The Phase II Clinical Trial
Reponex has received regulatory approval to initiate a pivotal Phase II clinical trial with RNX-011 for secondary peritonitis, a life-threatening intra-abdominal infection with high mortality. The randomized, placebo-controlled trial will evaluate a novel triple-action combination therapy (fosfomycin, metronidazole, GM-CSF) administered intraperitoneally during surgery.
The study aims to demonstrate that RNX-011 can reduce serious postoperative complications, such as abscesses and re-operations, which represents the key commercial endpoint for potential partners and payers. Secondary endpoints include biomarkers of inflammation (IL-6) and patient recovery (QoR-15), providing mechanistic support for the clinical effect.
Enrollment will comprise 32 patients, with first inclusion expected in Q4-25. The approval marks a critical milestone, validating the Company’s scientific strategy and positioning PEG for future partnering discussions.
In summary, Analyst Group is of the opinion that the regulatory approval for the pivotal Phase II trial with RNX-011 represents a strategically important milestone that strengthens PEG’s position in upcoming partnering discussions. Positive clinical progression, particularly signals of efficacy and safety in reducing severe postoperative complications, would not only de-risk the investment case but also serve as one of the main value drivers going forward.

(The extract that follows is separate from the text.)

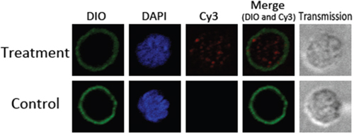 Goat monocytes were incubated with rHCcyst-2 and the protein uptake by monocytes was investigated by an immunofluorescence approach. As depicted in Figure 5, the emission from the Cy3-labeled rHCcyst-2 was red, the DAPI-labeled nuclei were blue and DiO-labeled cell membrane was green. No fluorescence was observed under any color channel in the unstained background control. In the control group, no red fluorescence was observed (Figure 5 lower panel). Intense red fluorescence was observed when the cells were incubated with rHCcyst-2 (Figure 5 upper panel).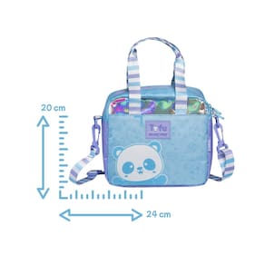 Fofa e funcional, a lancheira térmica Panda Tofu é perfeita para acompanhar as pequenas na escola! Com estampa divertida do panda, material resistente e interior térmico que conserva os alimentos fresquinhos por mais tempo. Possui alça de mão, alça regulável para uso transversal e identificação no verso. Ideal para uma rotina escolar com estilo e praticidade!

Coupled with securing adequate funding to support the ongoing clinical program, we view these factors as the most critical triggers for unlocking PEG’s long-term potential.
Analyst Group’s view of PEG as an investment
With a new strategy announced in H1-25, PEG is transitioning toward a diversified investment platform within life sciences, anchored by two Phase II assets with near-term commercialization po-tential: RNX-011 (peritonitis) and RNX-051 (colorectal cancer). Both are expected to enter pivotal trials in H2-25, with partnering discussions aimed at de-risking execution and securing co-funding. The strategy leverages a capital-light model of drug repositioning and out-licensing, enabling PEG to scale efficiently while maintaining a lean cost base. Supported by a strengthened leadership team and sharpened strategic focus, the Company is well-positioned to unlock meaningful shareholder value, contingent on securing adequate funding to capitalize on upcoming clinical and commercial catalysts. A potential present value of DKK 0.6 per share is derived in our Base scenario using an rNPV model. Analyst Group maintains that the substantial potential of PEG’s drug candidates is not currently reflected in the Company’s current valuation.